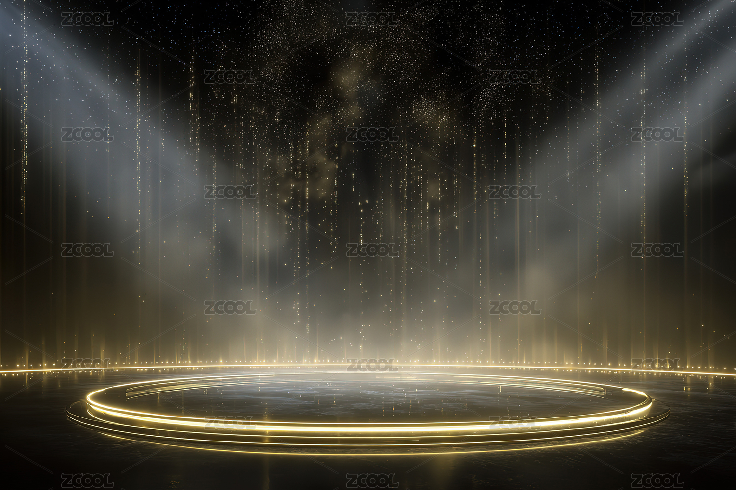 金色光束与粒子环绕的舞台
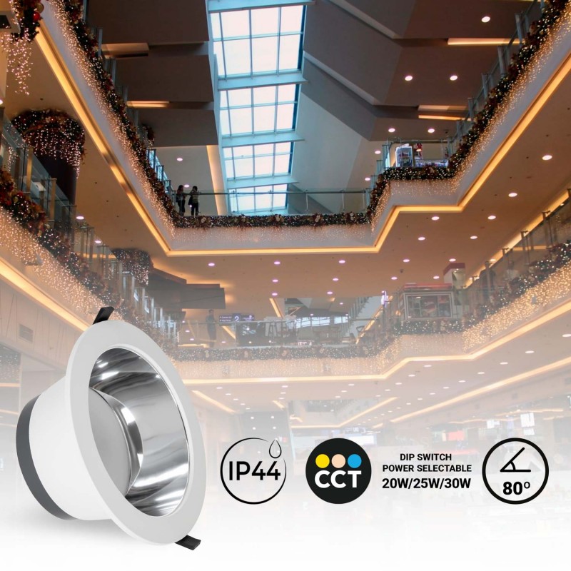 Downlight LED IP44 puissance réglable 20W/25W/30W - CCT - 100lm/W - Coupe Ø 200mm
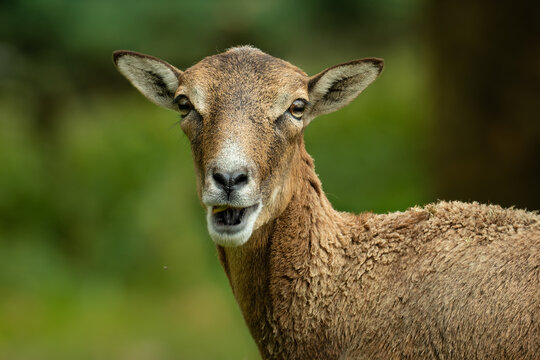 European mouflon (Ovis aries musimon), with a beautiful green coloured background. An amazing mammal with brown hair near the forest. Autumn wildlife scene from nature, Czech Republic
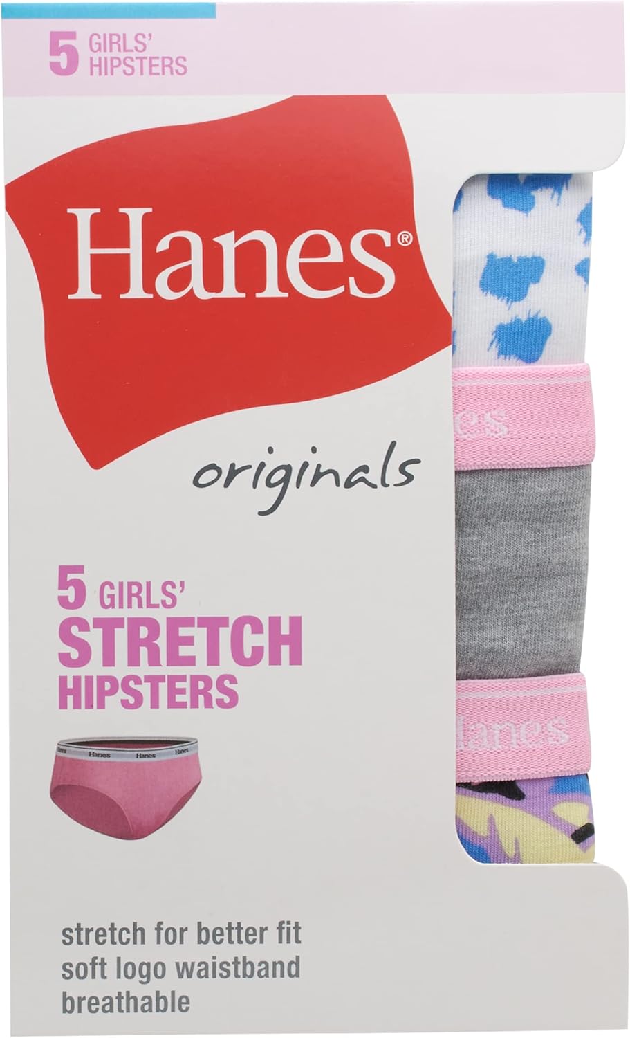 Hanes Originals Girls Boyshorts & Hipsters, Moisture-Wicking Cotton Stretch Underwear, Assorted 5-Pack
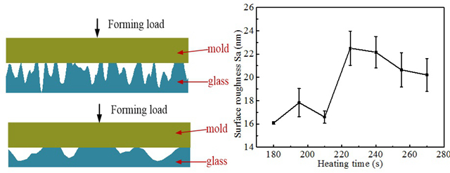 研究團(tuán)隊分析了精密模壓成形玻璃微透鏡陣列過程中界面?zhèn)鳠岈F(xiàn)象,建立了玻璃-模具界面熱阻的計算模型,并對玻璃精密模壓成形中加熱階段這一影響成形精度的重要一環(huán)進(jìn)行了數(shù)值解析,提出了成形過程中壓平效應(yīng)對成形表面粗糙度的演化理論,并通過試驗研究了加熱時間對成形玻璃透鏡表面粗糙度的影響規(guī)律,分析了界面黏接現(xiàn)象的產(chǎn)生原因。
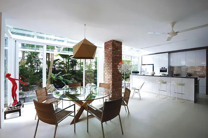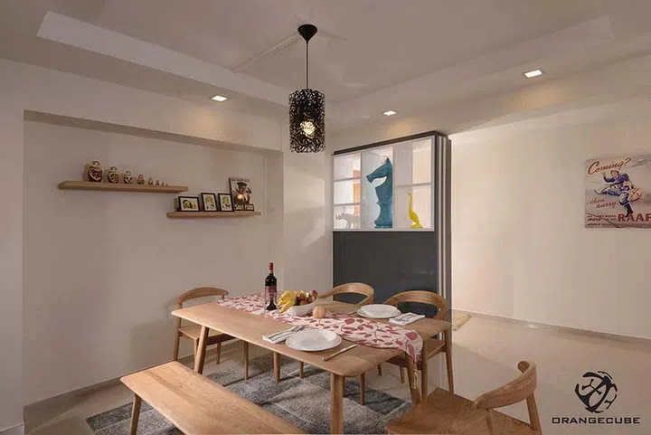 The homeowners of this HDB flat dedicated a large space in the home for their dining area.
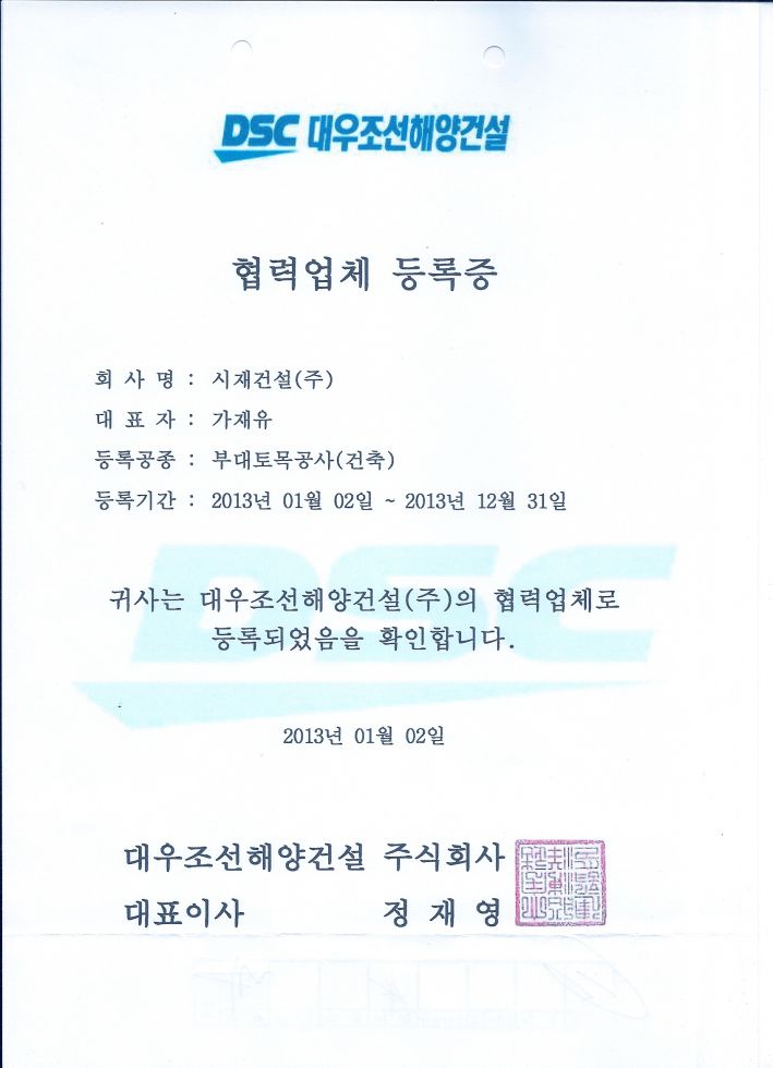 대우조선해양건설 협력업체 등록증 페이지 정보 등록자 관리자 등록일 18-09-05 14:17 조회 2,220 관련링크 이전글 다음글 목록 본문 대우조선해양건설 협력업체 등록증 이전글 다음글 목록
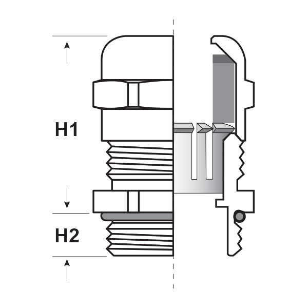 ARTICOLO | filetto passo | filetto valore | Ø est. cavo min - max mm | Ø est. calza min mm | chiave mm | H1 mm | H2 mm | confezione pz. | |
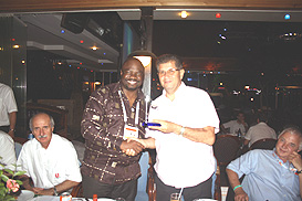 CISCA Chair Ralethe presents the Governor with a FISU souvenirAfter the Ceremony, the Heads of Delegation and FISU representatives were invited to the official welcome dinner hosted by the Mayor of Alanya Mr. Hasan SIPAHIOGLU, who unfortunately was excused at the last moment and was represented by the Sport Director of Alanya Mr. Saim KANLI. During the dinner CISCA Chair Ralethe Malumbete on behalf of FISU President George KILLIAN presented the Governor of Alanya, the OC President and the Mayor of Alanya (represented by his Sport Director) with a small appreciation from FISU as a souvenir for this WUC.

○ ○ ○

▸ **What to produce**: Reproduce the listing verbatim, pictures excluded.

▸ **Reply**:
 金色光束与粒子环绕的舞台
 Downlight LED IP44 puissance réglable 20W/25W/30W - CCT - 100lm/W - Coupe Ø 200mm
 European mouflon (Ovis aries musimon), with a beautiful green coloured background. An amazing mammal with brown hair near the forest. Autumn wildlife scene from nature, Czech Republic
 Hanes Originals Girls Boyshorts & Hipsters, Moisture-Wicking Cotton Stretch Underwear, Assorted 5-Pack
 研究團(tuán)隊分析了精密模壓成形玻璃微透鏡陣列過程中界面?zhèn)鳠岈F(xiàn)象,建立了玻璃-模具界面熱阻的計算模型,并對玻璃精密模壓成形中加熱階段這一影響成形精度的重要一環(huán)進(jìn)行了數(shù)值解析,提出了成形過程中壓平效應(yīng)對成形表面粗糙度的演化理論,并通過試驗研究了加熱時間對成形玻璃透鏡表面粗糙度的影響規(guī)律,分析了界面黏接現(xiàn)象的產(chǎn)生原因。
 The homeowners of this HDB flat dedicated a large space in the home for their dining area.
 대우조선해양건설 협력업체 등록증 페이지 정보 등록자 관리자 등록일 18-09-05 14:17 조회 2,220 관련링크 이전글 다음글 목록 본문 대우조선해양건설 협력업체 등록증 이전글 다음글 목록
 ARTICOLO | filetto passo | filetto valore | Ø est. cavo min - max mm | Ø est. calza min mm | chiave mm | H1 mm | H2 mm | confezione pz. | |
 CISCA Chair Ralethe presents the Governor with a FISU souvenirAfter the Ceremony, the Heads of Delegation and FISU representatives were invited to the official welcome dinner hosted by the Mayor of Alanya Mr. Hasan SIPAHIOGLU, who unfortunately was excused at the last moment and was represented by the Sport Director of Alanya Mr. Saim KANLI. During the dinner CISCA Chair Ralethe Malumbete on behalf of FISU President George KILLIAN presented the Governor of Alanya, the OC President and the Mayor of Alanya (represented by his Sport Director) with a small appreciation from FISU as a souvenir for this WUC.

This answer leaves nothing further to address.